Mallinsbee rumbled a pleasant laugh.
"Office?" he said, without turning. "That's jest how Hazel calls it. Guess she's got notions since she finished off her education at Boston. She's got around with a heap of 'em, includin' that suit she's wearin'. Y'see, she's my foreman hoss-breaker, and reckons skirts and things are – played out. Office? Why, it's just a shack. Some time you must get around out an' see the ranch house. It's some place," he added with simple pride.
Hazel went up to her father and pretended to threaten him by the neck.
"See, Daddy, you can just quit telling about my notions to – folks. Anyway" – she turned her back to Gordon – "I appeal to you, Mr. Van Henslaer, isn't an office a place where folks transact big deals and make fortunes?"
"That's how folks reckon when they rent them," said Gordon. "Of course, I've known folks to sleep in 'em. Others use 'em as a sort of club smoking lounge. Then they've been known to serve some men as a shelter from – home. I used to have an office."
Silas Mallinsbee turned from his contemplation of the horizon. He was interested, and his shrewd eyes displayed the fact.
Hazel clapped her hands.
"And what did you use it for?" she demanded quizzically.
"I – oh, I – let's see. Well, mostly an address from which to have word sent to folks I didn't want to see that – I was out.
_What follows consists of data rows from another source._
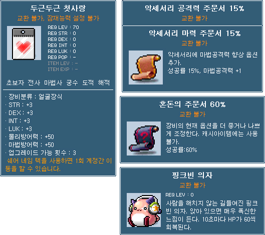 • 7 days: Exciting First Love (face accessory, 3 to all stats, 50 defense and magic defense, 3 slots, can be traded through the account once through the use of the Share Name Tag)
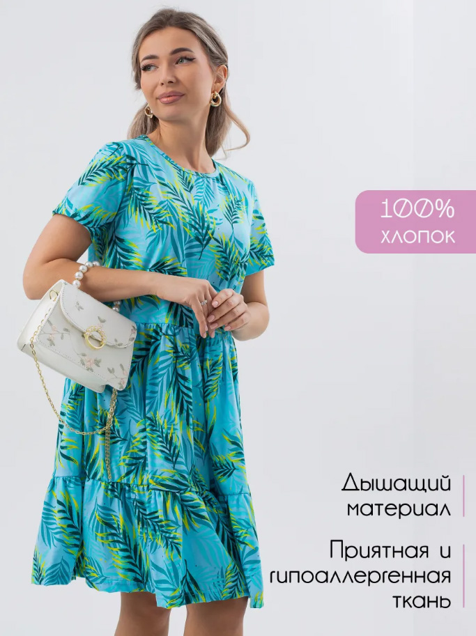 Мягкое, удобное, трикотажное женское платье модель 174 - сочетание элегантности, комфорта и стиля! Универсальный предмет женской одежды можно успешно комбинировать с разнообразными аксессуарами, надевать на работу, в офис, прогулку с детьми по парку, на пляж, на дачу. Женское платье отлично подходит для любого типа фигуры. Благодаря свободной посадке и качественному материалу, это изделие прекрасный вариант для беременных женщин. Изготовленное из 100% хлопка, оно обеспечивает мягкость и натуральность материала, что делает его приятным на ощупь и удобным в носке. Платье свободного кроя с коротким рукавом и круглым вырезом горловины - базовая основа практичного и повседневного наряда, который украсит даму любого возраста и комплекции. Кокетливые воланы придают изделию воздушность и женственность. Легкое хлопковое домашнее платьице подходит к разным ситуациям, такие как: выписка из род дома, день рождения, новый год и т.д. Многообразие модных, красивых, ярких расцветок и большой размерный ряд (от 44 до 56 размера) помогут подобрать для себя идеальный вариант платья для создания стильных образов: городского, делового, вечернего, романтического, спортивного. Выбирая платье женское модель 174, вы получаете стильный и комфортный элемент гардероба, который будет радовать вас своим качеством и удобством.
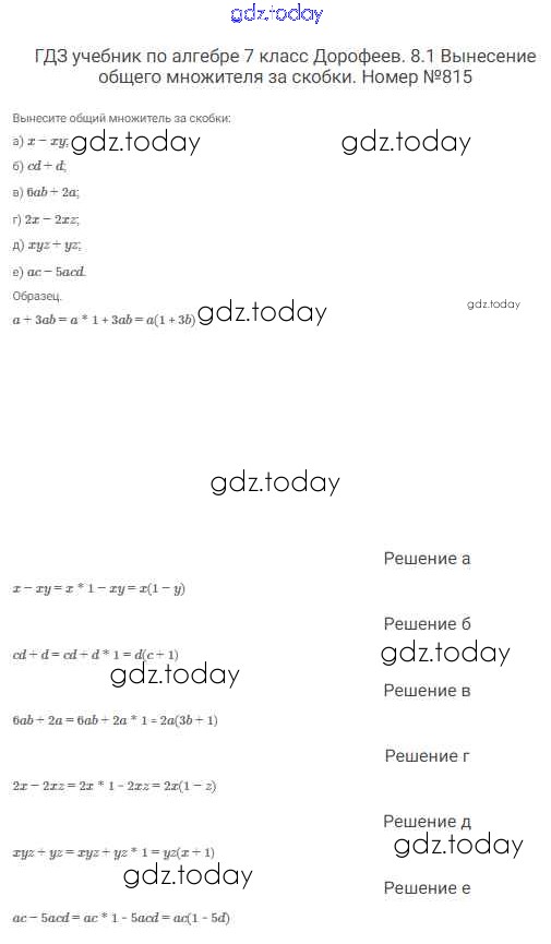 На страницах сайта gdz.today вы найдете учебный и вспомогательный материал, направленный на улучшения знаний школьной программы. ГДЗ - онлайн мир знаний Решение к упражнениям 815 Учебнику по Алгебре для 7 класса Дорофеев, Суворова Просвещение Академический школьный учебник 2020

I used to find it useful that way."
Mallinsbee's chuckle amused Gordon, but Hazel assumed an air of judicial severity.
"A spirit not to be encouraged." Then, at the sound of her father's chuckle, "My daddy, you are as bad as he. Now food's ready, so please sit in. We can talk easier around a table than when people are dreaming somewhere in the distance on the horizon, or walking about a room that isn't bigger than the bare size to sit in. Anyway, Mr. Van Henslaer, this office is for business. I won't have it disparaged by my daddy, or – or anyone else. It serves a great purpose so far as we're concerned." Then she added slyly, "You see, we're in the throes of the great excitement of making a huge pile, for the sheer love of making it. Aren't we, Daddy, dear?"
Silas Mallinsbee looked up from the food he was eating with the air of a man who only eats as a matter of sheer necessity.
"Say, Mr. Van Henslaer," he said in his deep tones, "I've been a rancher all my life. Cattle, to me, are just about the only things in the world worth while, 'cept horses. I've never had a care or thought outside 'em, till one day I got busy worrying what was under the ground instead of keeping to the things I understood above the ground. Y'see, the trouble was two things," he went on, smiling tenderly in his daughter's direction. "One was I'd fed the ranch stoves with surface coal that you could find almost anywheres on my land, and the other was the fates just handed me the picture of a daughter who caught the dangerous disease of 'notions' way down east at school in Boston. Since she's come along back to us I've had coal, coal, coal all chasin' through my head, an' playing baseball with every blamed common-sense idea that ever was there before. Wal, to tell things quick, I made a mighty big pile out of that coal just to please her. We didn't need it, but she guessed it was up to me to do this. But that didn't finish it. This gal here couldn't rest at that. She guessed that pile was made and done with. She needs to get busy in another direction. Well, she gets to work, and has all my land on the railroads staked out into a township, and reckons it's a game worth playing. The other was too dead easy. This time she reckons to measure her brains and energy against a railroad! She reckons to show that we can match, and beat, any card they can play. That's the reason of this office."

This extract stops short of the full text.